Thursday, July 30, 2015

Castle Of Thorns


my mother has always told me that I was the easiest baby to handle that she has ever seen. my mother said I rarely cried, I barely ever threw a fit. I slept most of the day and I was the cutest thing from what people have told me. everyone expected great things from me. my grandmother said that the first time she held me in her arms that she looked in my big bright blue eyes and she saw wisdom in them. she said I had the "eyes of an old soul' I was adored by everyone that came across me. and I was always smiling and genuinely happy baby that was very easy to manage.



I think back on how it must have felt for my mother to go through the struggle of my addiction. I think about how hard it was for her to see me strung out on several drugs with her memories of me as this perfect angel of a baby that would fall asleep on her chest for hours. I think about how this happened. why I was cursed with this disease of the brain. a disease of the soul.



addiction doesn't have any standards. it will take hold of anyone any race any gender. it will destroy lives and destroy the lives of addicts family's as well. my mom has seen me at my best and my absolute worst. she knows me better than anyone else in this world, and she knows when I'm doing good or falling off just by the sound of my voice. 


I live in a world far far away from everyone else's. my own mind is burdened by the demons that threaten my safety and self worth every day. the ghosts of my past.
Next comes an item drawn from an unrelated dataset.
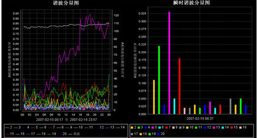 系統(tǒng)能監(jiān)測各通道多達50次諧波和50次間諧波含量、幅值、角度、功率等數(shù)據(jù),并進行本地和數(shù)據(jù)庫存儲,隨時進行調(diào)出以表格或曲線方式進行分析。

I chose the lifestyle that I entered. my father is a college professor teaching English and my mother is a high school English teacher as well. I never went hungry as a child, and Christmas was full of an abundance of presents under the Christmas tree every year. I chose to enter the high life. I chose to enter a dangerous world full of drugs weapons and crime. I've become what I've become because I've been a rebel since I was a child and instead of taking the route that my parents took I wanted to be a rebel. I wanted the "thug life" that's exactly why you got to be careful what you wish for... because you just might get it..


I was never meant to be running the streets. I was never meant to be a criminal. I was never meant to be a junkie. but I chose that life. I chose to fill my body with substances that turn me into a monster. 
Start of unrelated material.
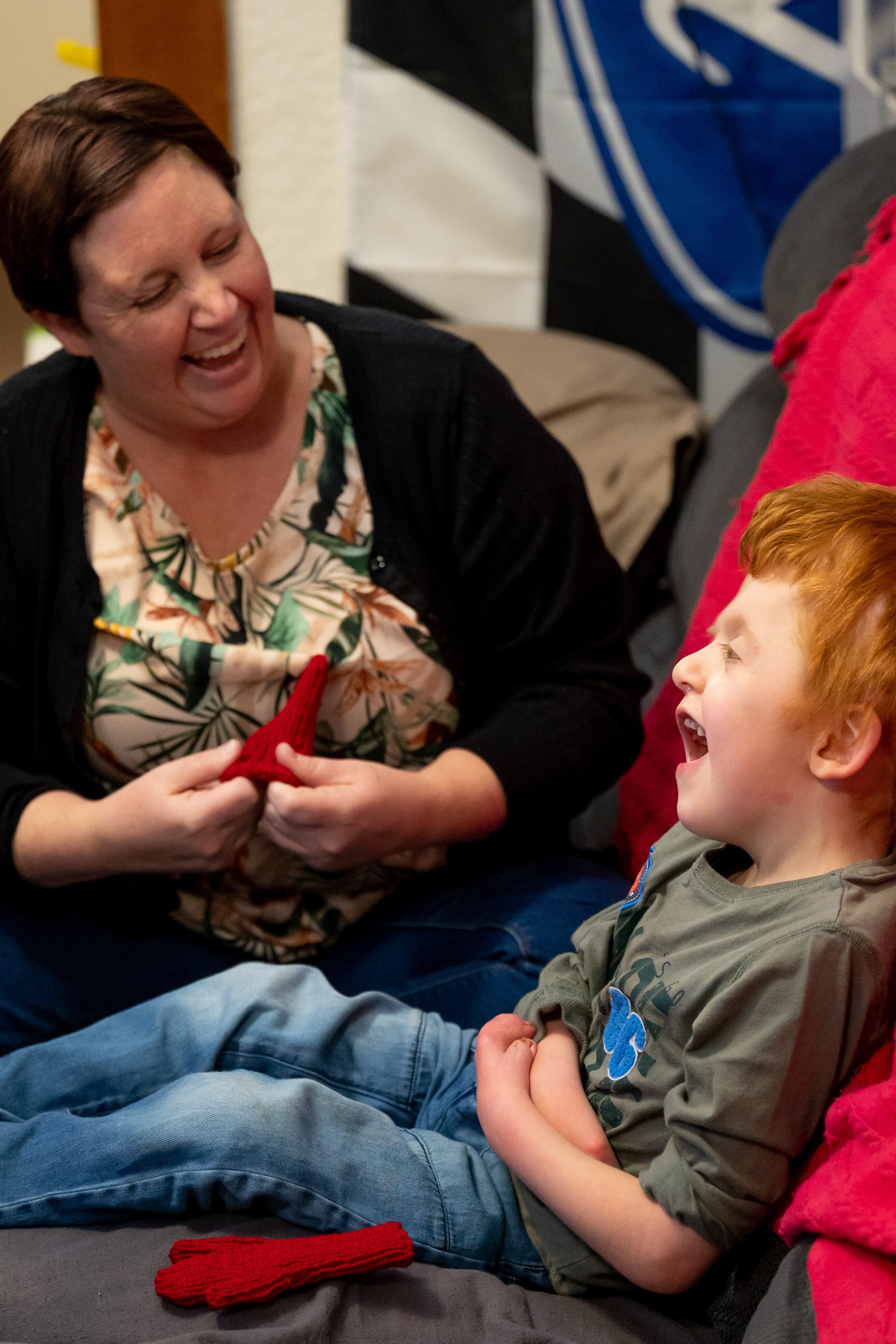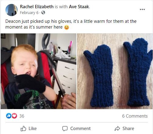 Once Ms Scott traced Deacon's hands, she made the gloves and gifted them to her new little friend.

so here comes the question.. why? why did this happen? why did this happen to me? I was a "beautiful child" with a bright future ahead of me. well... I don't have the answer to that. I was born this way, I was born in a world tbat diagnosed me with an addictive personality and a rebellious criminal mind state. I was born manipulative and selfish when I want what I want. my vices are horrifying and in control of me on a daily basis, and unfortunately for the rest of my life I will have to battle this disease of the soul I was born with.


I'm a soldier in the battlefield of my soul. I'm a warrior in the trenches of my heart and mind. I'm a fighter fighting demons trying to bring me into the depths of hell on earth on a constant daily basis. I'm in a world that consumes me daily and takes 24/7 effort on my part. I live in my own world. when I picture my world I see myself in a big giant castle of granite stone with several hallways and trap doors, there's a basement and an attic where I can escape the ghosts of my pasts lurking around the hallways and rooms of my castle. but in my castle it is completely covered in thorns. so every day I have to watch my step very very closely.. because I can slip up and get stuck by any one of those thorns in my castle and end up trapped in the basement with the ghosts of my pasts for who knows how long... if I don't watch my step 24/7 I WILL END UP TRAPPED IN THAT BASEMENT, in my world.... my castle covered in thorns...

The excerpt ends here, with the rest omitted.